17 of these 20 cases involved a public interest or whistleblowing concern, namely one in which the interests of others, colleagues, the public or the organisation itself were at risk. 3 cases related to private matters, namely where the issue involved an employment, HR issue or was a patient complaint about an issue affecting only the patient.
We have included data from our last six-month report for comparative purposes.
When providing advice it is not a requirement that the caller provide the name of their employer to PCaW advice line staff. The starting point for our advisers will be what the concern is; to identify the risk; what may be preventing the individual from raising the concern; and, to assist or advise them in how best to raise the concern. The caller may not wish to provide the name of their employer. With this in mind when contacting us, staff may:
- Provide their name only
- Identify themselves as working for NHSScotland with or without their name
- Not provide any information as to their identity or their employer
Out of the 17 public interest cases 13 provided us with their name and/or contact details, though this is not a prerequisite for seeking advice from PCaW. As is the case on the PCaW advice line generally, callers may choose to remain anonymous and/or not to leave contact information. In some cases this may be because the individual has contacted us with a very specific query that we were able to deal with in the initial call. In these cases there is no case work element and the individual may feel that it is not necessary to leave their name and/or contact information. In cases where the individual is satisfied with the advice they have been given and is content to leave things there, they will always be informed of the name of their adviser and their ability to call back should they need further advice at a later date.
Job position of the caller
We have provided data on the roles of the callers to the Alert Line on Whistleblowing matters for both this six-month review period and the previous review period. These are as follows:
|1 August 2016 - 31 January 2017||1 February 2017 - 31 July 2017 (current review period)|
Consistent with previous reports, nurses were the largest group to seek advice from the NCAL in the review period and it should be noted that they are also the largest group of workers in NHSScotland. Overall, the percentages regarding the job position of the caller was consistent with the previous six-month report.
Type of suspected wrongdoing
We provide below an overview of the types of concerns that were raised during this and the previous review period.
|1 August 2016 - 31 January 2017||1 February 2017 - 31 July 2017 (current review period)|
|Type of suspected wrongdoing||Count||Percentage||Count||Percentage|
|Abuse of a vulnerable person||0||0%||3||18%|
Patient safety was the predominant concern raised with the alert line which is to be expected bearing in mind the nature of the work NHSScotland workers undertake. This has been a consistent trend across the six-month reports provided in 2015, 2016 and 2017. Unlike in the previous six month period, between February and July we advised a number of individuals who had concerns about abuse of a vulnerable person.

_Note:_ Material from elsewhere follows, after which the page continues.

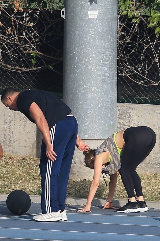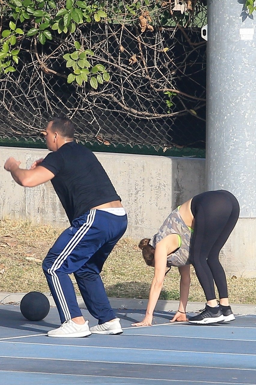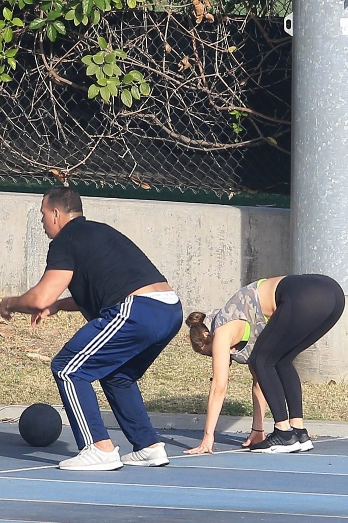 ennifer Lopez e seu namorado Alex Rodriguez se exercitam juntos em Los Angeles, 31/12/2017. Jennifer Lynn ‘JLo’ López é uma cantora americana, dançarina, atriz (Bye Bye Birdie Live!). Idade – 48.

Of the total 17 public cases, 7 callers had already raised their concern before contacting the Alert Line. This is in keeping with general trends we have seen in previous reports and largely reflects the majority of calls we receive to the advice line generally. In many cases individuals are contacting us because they have already raised their concern and feel it is being ignored and would like further advice on options for escalation or they feel they have experienced victimisation due to raising an issue.
Of the callers who had already raised their concern before contacting the Alert Line, these were raised with:
|1 August 2016 - 31 January 2017||1 February 2017 - 31 July 2017 (Current review period)|
|Where raised the concern||Count||Percentage||Count||Percentage|
This reporting period showed a decrease in the number of staff who had reported their concerns before contacting the alert line compared with the previous report. Unlike the two previous six-month reports, most callers over the current period raised their concern with senior managers rather than their line manager.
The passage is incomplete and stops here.